A much simpler explanation is that someone just copied and pasted from the Cocoa string character frequency table.

api · on July 31, 2015

I recall a long time ago reading something about potential uses of a 128-bit CPU architecture with 128-bit addressing.

Obviously 128-bit addressing isn't and probably never will be needed to address memory, at least not in this geological epoch. But that's not the point.

Instead, 128-bit addressing would allow every pointer to have 64 bits of tag information that would allow all kinds of VM optimizations. Not sure if the additional memory bloat would be worth it though. Like some RISC architectures it might die by memory bandwidth constraints.

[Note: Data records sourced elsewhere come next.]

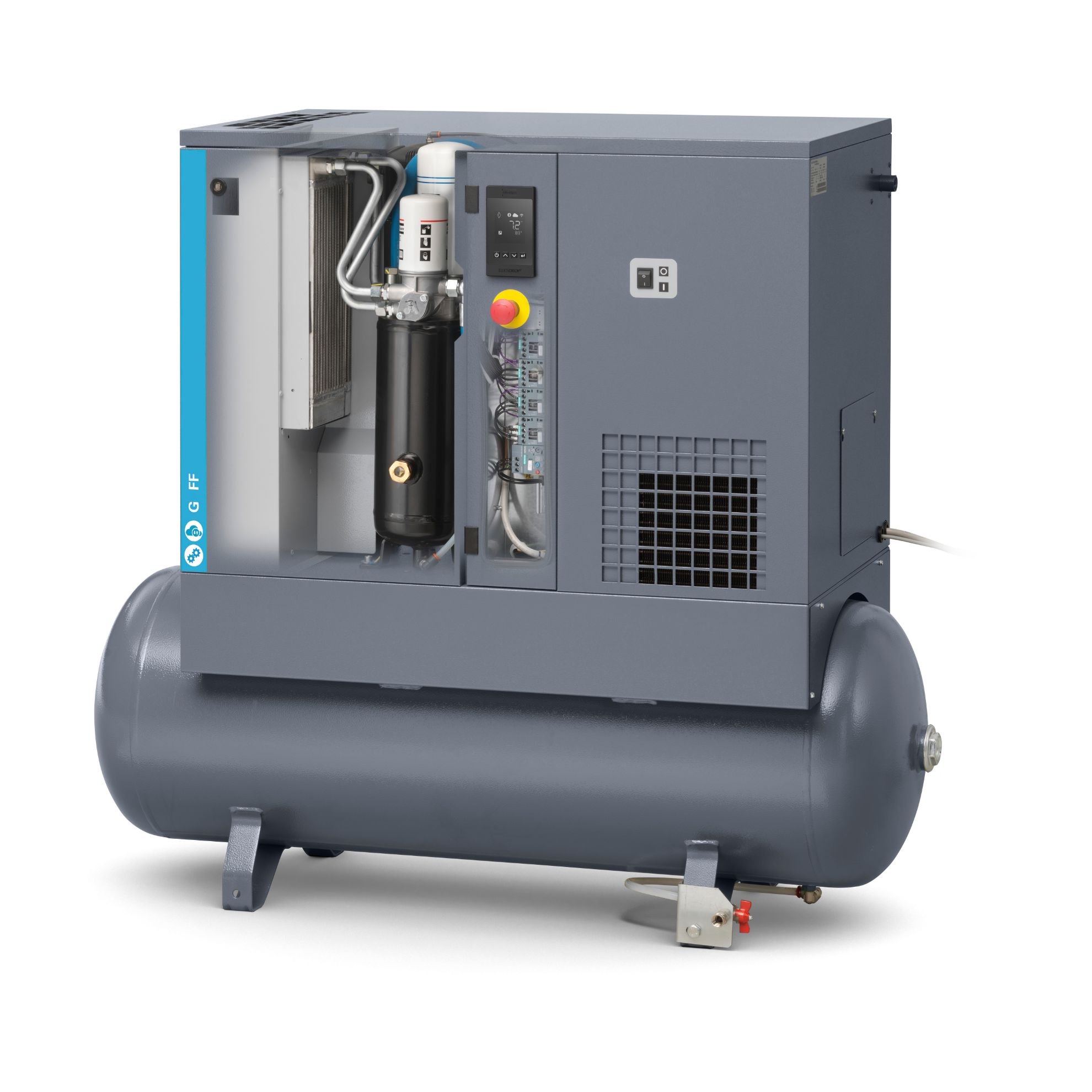 The 'FF' in the model number signifies that the G5 compressor is a 'Full Feature' model complete with a high performance air compressor dryer. The integrated dryer will help to reduce and eliminate water and rust from accumulating in the tank, and also prevents water from flowing through the pipes and into the finished product.
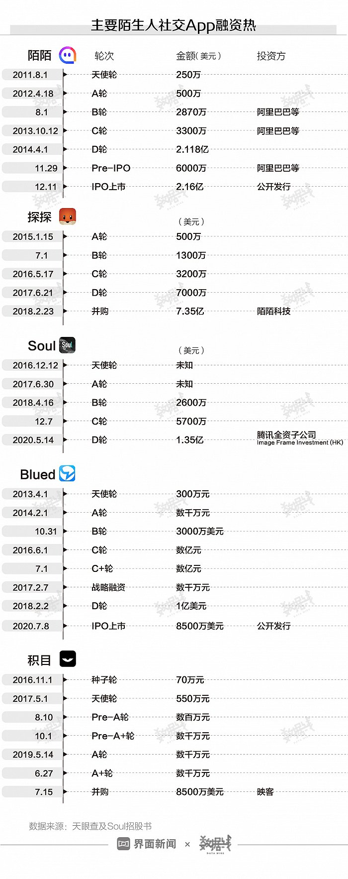 从融资情况来看,5款主要陌生人社交App中,Blued经历8轮融资,陌陌和积目分别经历7轮融资,探探和Soul分别经历5轮融资。其中,阿里巴巴投资陌陌,腾讯投资Soul。陌陌和Blued母公司蓝城兄弟均已赴美上市,Soul已于近日向美国证券交易委员会提交招股书。
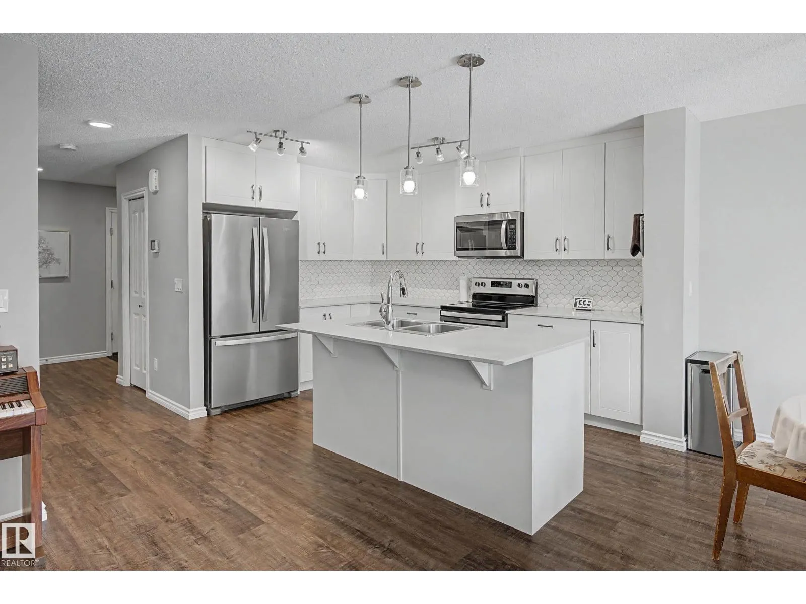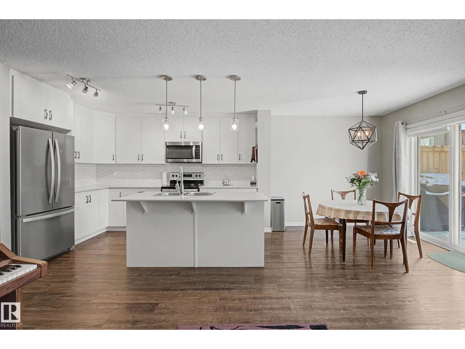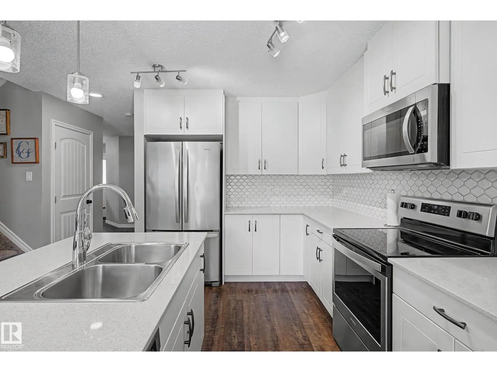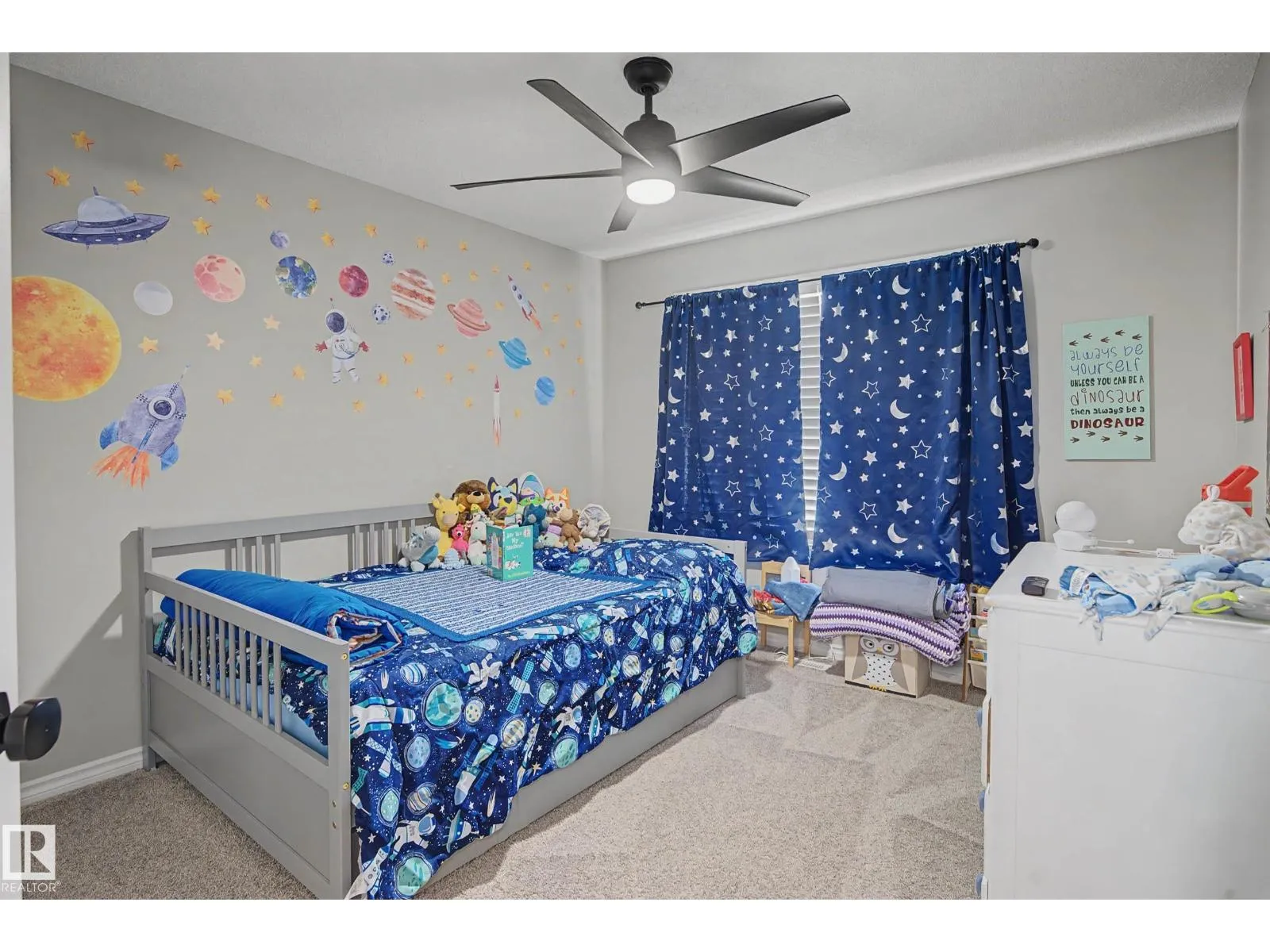 This beautifully maintained 3 bedroom home offers a bright, modern layout and fantastic upgrades throughout. The fully fenced, landscaped backyard is perfect for kids and pets, with plenty of room to play while you relax or BBQ on the spacious deck. Inside, the home features luxury vinyl plank flooring, quartz countertops, stylish lighting, and a Wi-Fiâenabled furnace. The inviting great room centers around a cozy fireplace, while the kitchenâs large island and generous prep space make everyday cooking and entertaining effortless. The dining area comfortably fits an 8-person table. Upstairs, the open railing leads to a sun-filled west-facing bonus room, creating the perfect spot to unwind. The primary suite includes a private ensuite with dual sinks and a spacious walk-in closet. The professionally finished basement adds even more functional living space and includes a roughed-in bathroom. Located close to parks with quick access to the Henday, this home blends comfort and style. (id:27476)

rogerbinns · on July 31, 2015

> I recall a long time ago reading something about potential uses of a 128-bit CPU architecture with 128-bit addressing.

Go back to the IBM System/38 and the AS/400 and that is exactly what you have. Programs are actually 128 bit oriented bytecode, so the actual CPU architecture isn't visible, doesn't matter, and has been upgraded many times over the years.

They also did virtual memory differently. Everything is in the same address space, which means everything can (after access control) communicate and cooperate. Task switches are also very fast. They also use tagged pointers, but it is a single bit outside of what the apps can see, and marks a pointer as modified. Consequently pointers can be given out, and the kernel knowns if the app has tampered with them.

I highly recommend reading the architects book about how all this stuff worked, mixed in with how business machines should behave. Many things are very different than conventional Unix/Linux/Windows NT kernels, and a good way of broadening your mind. The second edition book is good - later editions may have removed earlier interesting detail. http://www.amazon.com/Inside-AS-400-Second-Edition/dp/188241...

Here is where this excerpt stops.